In other news Mom and I safely made it through some of the fun snow, but had to stop at a hotel for the night, hopefully we can make it home where I can chill with my awesome parents.

Cycle 5

This Thursday will be my 5th treatment out of 6, which means the “end” is near with treatment. I say “end” because I think I will probably need more chemo, but what do I know, we will have to see what my CA-125 is and what the CT shows. I am doing pretty good, and other than pain can’t complain.

This treatment will be a little different because I will be doing it inpatient, instead of outpatient. I am doing it inpatient, because the last two times I got chemo after I finished the chemo and was just getting my fluids my palms and soles of my feet would start itching, benedryl helped, but when I got home my back and shoulders would itch. We don’t know if it is a pain medication reaction or the chemo or the trial drug, but since it is a Phase 1 trial they want me to be observed for 24 hours. So I will see my doctor Thursday morning and then go to onco gyn floor at the hospital and get my chemo there. So nothing really exciting, and probably will be really boring, but it is better to have it investigated and looked into rather than not do anything about it.

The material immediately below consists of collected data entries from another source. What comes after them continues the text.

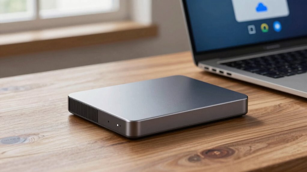 External drives offer great portability and quick access, making them convenient for both personal and business use. However, you need to take into account security risks and whether the device is reliable enough for your needs. For those balancing multiple responsibilities, understanding work-life harmony can help you make smarter storage choices that support your overall productivity. Additionally, data security should be a priority to protect sensitive information stored on external devices. Implementing home safety measures such as secure storage practices can further safeguard your data from theft or damage. Let’s explore the advantages and potential drawbacks of using external drives in different scenarios.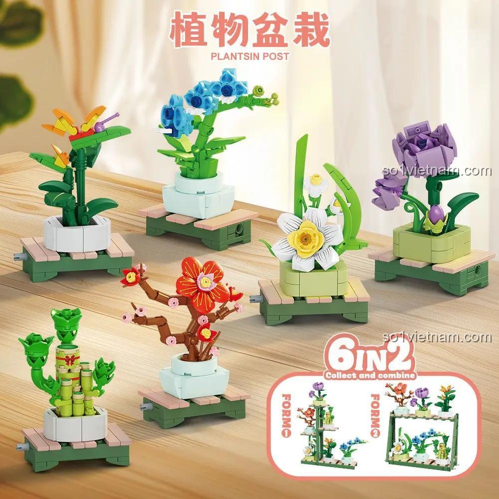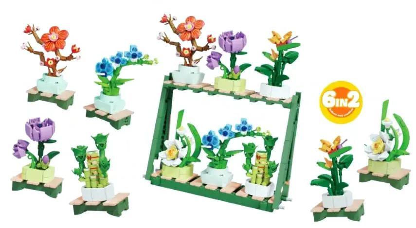 Bộ đồ chơi mô hình 8162 này cho phép bé lắp ráp 6 mẫu cây cảnh mini độc đáo: Phú Quý Trúc, Lan Hoa, Thủy Tiên, Mai Hoa, Thiên Đường Điểu và Nguyệt Quý. Ngoài ra, bé còn có thể sáng tạo sắp xếp chúng trên kệ trưng bày đi kèm hoặc kết hợp theo ý thích riêng.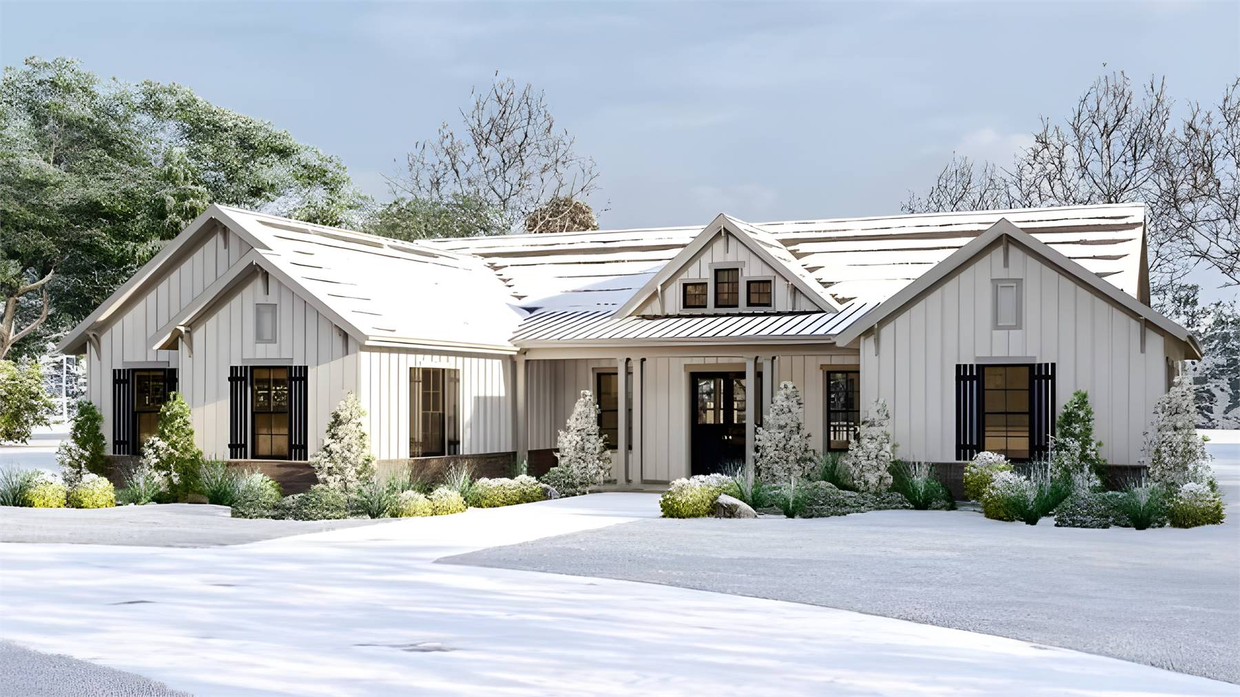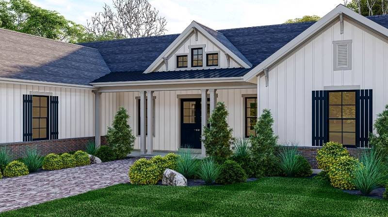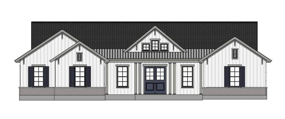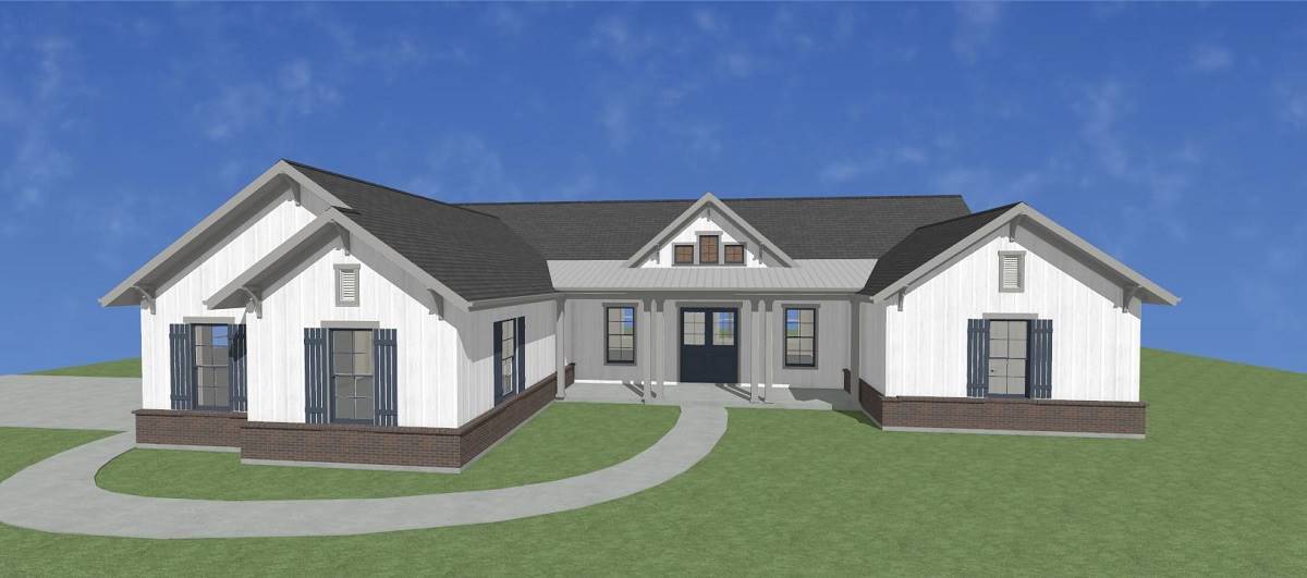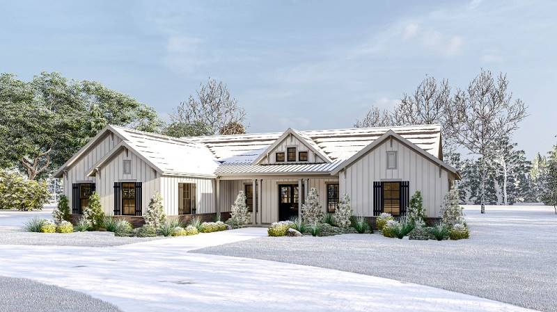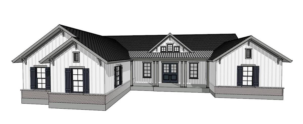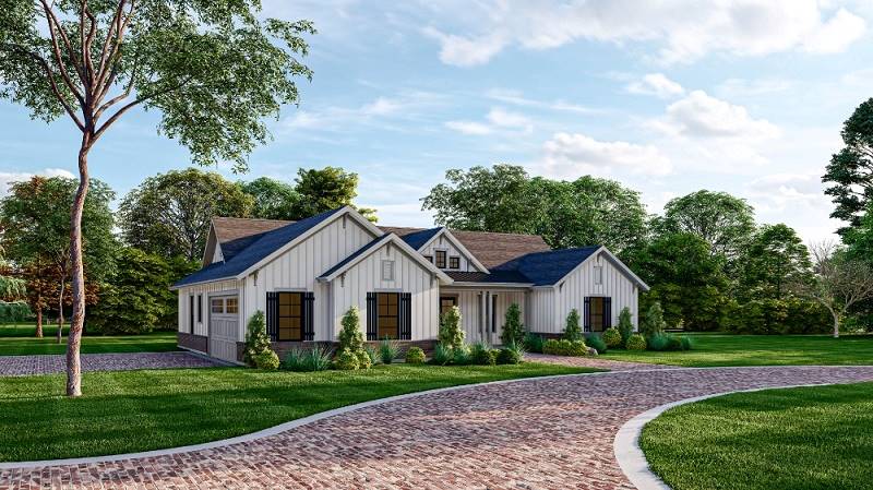 Need a beautiful country ranch? See if House Plan 5018 is the right fit! With 2,066 square feet, three bedrooms, and two bathrooms, it's the perfect size for most families. The layout places the totally open-concept great room in the center of the floor plan, with an island kitchen and dining area on one side and living space with a fireplace and a tray ceiling on the other. The primary suite enjoys privacy off the living area. The bedroom includes a sunny sitting area and a luxe bath that gives you the choice between a four- or five-piece layout. The other two bedrooms are placed in the hallway behind the garage along with a large laundry room and the hall bath.

I will be sure to let you know how it goes, the only thing that might make it more interesting is the possible snow storm that may be making its way across the midwest, but we will see, come hell or high water I will have my treatment.

In the same trial

I can’t believe I haven’t written in a while, but I was looking and I really have slacked. And for that I apologize, but treatment, school, work, and all that jazz has got me pretty busy, and not really feeling like writing for fun. Anyway In late November I started my newest clinical trial, this trial involves me getting the trial drug and chemo in my peritoneum instead of systemically (through my bloodstream).

I have chemo every three weeks and I have had four treatments. I have a port in my peritoneum which is how 2 plus liters of fluid go in, I am then in a good amount of pain, until I pee out the fluid. The first day I weighed myself and ended up gaining 6 pounds in one session, CRAZY. I will talk more about that some time, I haven’t lost my hair, which I didn’t think I would, but you never know. With this treatment I was able to finish my fall semester and I am already a month into my spring semester, which is my final semester. The chemo is doing some good, my CA-125 has gone down, and my last CT showed some shrinkage. I am only to do 6 total sessions, so I only have two more, but I don’t know if I will have the last one, depends on the CT. I also don’t think that will be the end of treatment, I may keep doing this some more or something else, but I won’t know for a month, so until then I just keep trucking on, and doing the best that I can.

All right, that’s it

FUCK you hot flashes! You are so damn annoying, why can’t you just leave me the fuck alone. I don’t want to be hot, I don’t want to be flush, I don’t want to break a sweat. Seriously, you were gone and now you are back and a giant pain in my ass. Really just leave me the fuck alone! I don’t want to medicate myself anymore, or buy a chillow, but if you don’t leave me alone, which I know you won’t, I will just have to do those things.

If I wanted to have a wave of heat I would stand near a hand dryer and wave my hands. But I don’t want that, I want to be cold, the same temperature, able to sleep with out having to “breathe” my way out of a hot flash.

So FUCK you surgical menopause. FUCK you chemo, and a REALLY BIG FUCK YOU to hot flashes.